Both of Maine’s senators, Republican Susan Collins and King, voted for the resolution, which they said was needed to prevent a government shutdown. U.S. Rep. Jared Golden, from Maine’s 2nd District, was the only Democrat to favor the measure in the House.

The hit to SeniorsPlus was far from the only financial blow for projects in Androscoggin, Franklin, and Oxford counties. All told, the measure wiped out tens of millions of dollars for the region that had been earmarked for everything from police safety gear to road construction projects.

In Auburn alone, the measure yanked back $3.2 million for improvements to the Washington Street pump station and $6.4 million for improvements to Court Street.

“The indiscriminate reduction in federal funding, without any apparent regard to the impacts of those cuts, will adversely affect Auburn residents,” Auburn Mayor Jeff Harmon said Wednesday. “Reducing services to our most vulnerable residents, such as seniors and children, will cause additional pressure on municipal services at a time when we are struggling to fund current services,” Harmon said.

Among the other allocations canceled in the wake of last week’s resolution are $5.6 million for renovations to a Spurwink Lewiston Behavioral Health Center, $8 million for safety improvements to Route 4 between Auburn and Livermore, $2 million for protective gear and other safety equipment for Lewiston police, $6.4 million to renovate and expand Rumford Hospital’s emergency department, and $600,000 for an entrepreneur incubator program in the Jay, Livermore, and Livermore Falls region. Farmington lost $185,000 for a regional recreational facility and $240,000 for public safety equipment. The University of Maine Farmington will no longer receive $400,000 targeted for pathways to degree and certificate programs in health care fields. Oxford saw money for two projects evaporate: $8 million for reconstruction of Route 121 and $9.6 million for reconstruction of Route 26.

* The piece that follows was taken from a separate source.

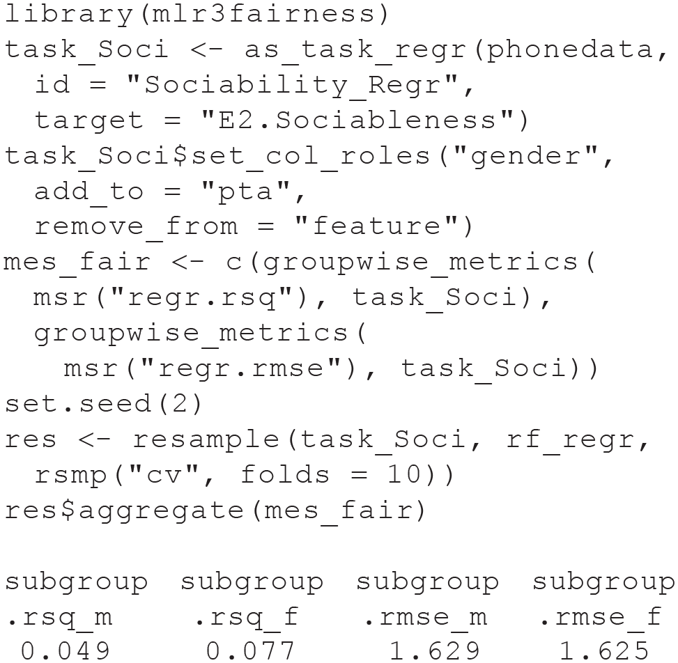 Closely related to IML is the topic of model fairness (Barocas et al., 2019). Intuitively, a trained ML model is considered fair if it does not discriminate against protected subgroups of observations (e.g., gender groups; Buolamwini & Gebru, 2018). However, which specific model behavior is considered fair is highly context-specific because it entails some normative consensus. It has been argued that all ML models applied in practice should be accompanied by transparent documentation on their performance characteristics and their intended use cases (Mitchell et al., 2019). Fairness seems particularly relevant when ML is used in psychological assessment (Stachl, Pargent, et al., 2020). In such settings, the “protected attribute” (e.g., the gender variable in the data set) is usually not included as a feature in the model to prevent the model from using the information in the protected variable to predict the target. However, flexible ML models often implicitly infer group membership on the basis of available features that are related to the protected attribute. Thus, it is necessary to explicitly evaluate fairness by comparing predictions for observations with different values on the protected attribute. Many techniques introduced in our performance evaluation and IML sections can be useful to creatively explore whether a trained model behaves as required by a fairness definition appropriate for the concrete use-case of the model. We give brief examples of two different fairness aspects in our applied section and refer readers to Barocas et al. (2019) for an extensive overview of fairness definitions and evaluation strategies. First, is the predictive performance of the model comparable for different values of the protected attribute? This can be evaluated by estimating out-of-sample performance separately for each value of the protected attribute. Second, do model predictions differentially depend on the value of some feature of interest for different values of the protected attribute? This can be evaluated by computing PVI rankings or ICE/PD plots separately for each value of the protected attribute.

SeniorsPlus was still raising money for its new education and nutrition center even before it got the bad news of diminished federal cash for it. It had raised about $3.5 million of the total tab, according to a website created for the fundraising campaign, but that included the $1 million that Congress snatched away.

The new building is meant to provide space to supply and store more than 175,000 meals annually to benefit 1,000 older Mainers and adults with disabilities. It will also have space for the nonprofit’s nutrition staff and clients, a pet pantry to help clients feed their companions, a dining area, adult learning classroom, and much more.

The future of the center now relies heavily on the community’s ability to contribute further financial support, as the implications of the recent funding cuts resonate throughout the local area.